Domingo 21 del
Tiempo Ordinario (B)
PRIMERA LECTURA
Nosotros
serviremos al Señor: ¡es nuestro Dios!
Lectura del
libro de Josué 24,1-2a.15-17.18b
En aquellos días, Josué reunió a las tribus de Israel en Siquén. Convocó a los ancianos de Israel, a los cabezas de
familia, jueces y alguaciles, y se presentaron ante el Señor. Josué habló al
pueblo: - «Si no os parece bien servir al Señor, escoged hoy a quién queréis
servir: a los dioses que sirvieron vuestros antepasados al este del Éufrates o
a los dioses de los amorreos en cuyo país habitáis; yo y mi casa serviremos al
Señor.» El pueblo respondió: - «¡Lejos de nosotros abandonar al Señor para
servir a dioses extranjeros! El Señor es nuestro Dios; él nos sacó a nosotros y
a nuestros padres de la esclavitud de Egipto; él hizo a nuestra vista grandes
signos, nos protegió en el camino que recorrimos y entre todos los pueblos por
donde cruzamos. También nosotros serviremos al Señor: ¡es nuestro Dios!»
Sal
33,2-3.16-17.18-19.20-21.22-23 R. Gustad
y ved qué bueno es el Señor.
SEGUNDA LECTURA
Es éste un
gran misterio: y yo lo refiero a Cristo y a la Iglesia
Lectura de
la carta del apóstol san Pablo a los Efesios 5,21-32
Hermanos: Sed sumisos unos a otros con respeto cristiano. Las mujeres,
que se sometan a sus maridos como al Señor; porque el marido es cabeza de la
mujer, así como Cristo es cabeza de la Iglesia; él, que es el salvador del
cuerpo. Pues como la Iglesia se somete a Cristo, así también las mujeres a sus
maridos en todo. Maridos, amad a vuestras mujeres como Cristo amó a su Iglesia.

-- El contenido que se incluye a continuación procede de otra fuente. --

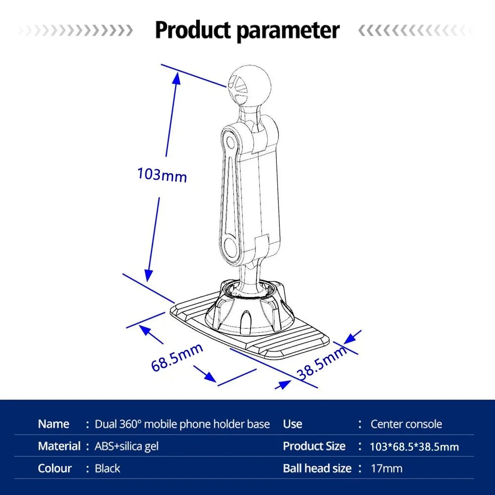 Introducing the Universal 17mm Ball Head Car Dashboard Sticker Base 360 Degree Rotation Car Phone Holder! Say goodbye to bulky and cumbersome phone holders that obstruct your view while driving. Our innovative car phone holder is designed to provide a secure and convenient way to mount your phone in your vehicle.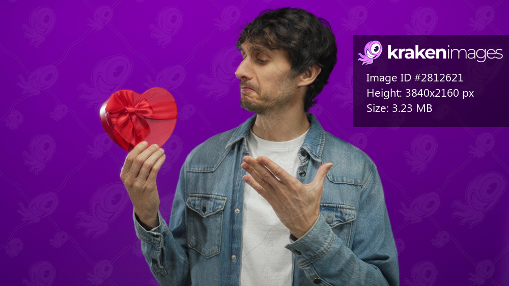 Young man holds red heart gift box with left hand and grimaces while raising right palm in purple studio; disgust.

Él se entregó a sí mismo por ella, para consagrarla, purificándola con el baño
del agua y la palabra, y para colocarla ante sí gloriosa, la Iglesia, sin
mancha ni arruga ni nada semejante, sino santa e inmaculada. Así deben también
los maridos amar a sus mujeres, como cuerpos suyos que son. Amar a su mujer es
amarse a sí mismo. Pues nadie jamás ha odiado su propia carne, sino que le da
alimento y calor, como Cristo hace con la Iglesia, porque somos miembros de su
cuerpo. «Por eso abandonará el hombre a su padre y a su madre, y se unirá a su
mujer y serán los dos una sola carne.» Es éste un gran misterio: y yo lo
refiero a Cristo y a la Iglesia.
EVANGELIO
¿A quién vamos a acudir? Tú tienes
palabras de vida eterna
Lectura del
santo evangelio según san Juan 6,60-69
En aquel tiempo, muchos discípulos de Jesús, al oírlo, dijeron: -«Este
modo de hablar es duro, ¿quién puede hacerle caso?» Adivinando Jesús que sus
discípulos lo criticaban, les dijo: -«¿Esto os hace vacilar?, ¿y si vierais al
Hijo del hombre subir a donde estaba antes? El espíritu es quien da vida; la
carne no sirve de nada. Las palabras que os he dicho son espíritu y vida. Y con
todo, algunos de vosotros no creen.» Pues Jesús sabía desde el principio
quiénes no creían y quién lo iba a entregar. Y dijo: - «Por eso os he dicho que
nadie puede venir a mí, si el Padre no se lo concede.» Desde entonces, muchos
discípulos suyos se echaron atrás y no volvieron a ir con él. Entonces Jesús
les dijo a los Doce: - «¿También vosotros queréis marcharos?» Simón Pedro le
contestó: - «Señor, ¿a quién vamos a acudir? Tú tienes palabras de vida eterna;
nosotros creemos y sabemos que tú eres el Santo consagrado por Dios.»
¿A quién vamos a acudir?
Llegamos
al final del discurso del pan de vida. Durante el mismo Jesús, primero, ha
alimentado nuestro cuerpo, enseñándonos que para poder repartir y que alcance
para todos hay que estar dispuesto a compartir aun lo poco que tenemos. Y desde
ahí nos ha invitado a elevar nuestra mirada al deseo de los bienes
imperecederos, al deseo de otro pan, que él mismo nos da y que es su cuerpo
entregado en sacrificio. Nos ha enseñado así que esos bienes imperecederos no
se obtienen por la vía de la conquista, el esfuerzo o la violencia, porque no
están al alcance de nuestras fuerzas, sino que son un don que alcanzamos por la
vía paradójica de la entrega que Jesús mismo hace de su propia vida. De este
modo nos ha introducido en una sabiduría, la sabiduría de la cruz, que
trasciende la ciencia de este mundo. Y, llegados a este punto, Jesús nos cede
la palabra, para que tomemos nosotros mismos una decisión. Del mismo modo que
Yahvé no impone la salvación, sino que la propone mediante un pacto, así tampoco
Jesús se impone por la fuerza (de ahí su renuncia a dejarse proclamar rey), sino
que nos hace una propuesta, respetando en todo momento nuestra libertad.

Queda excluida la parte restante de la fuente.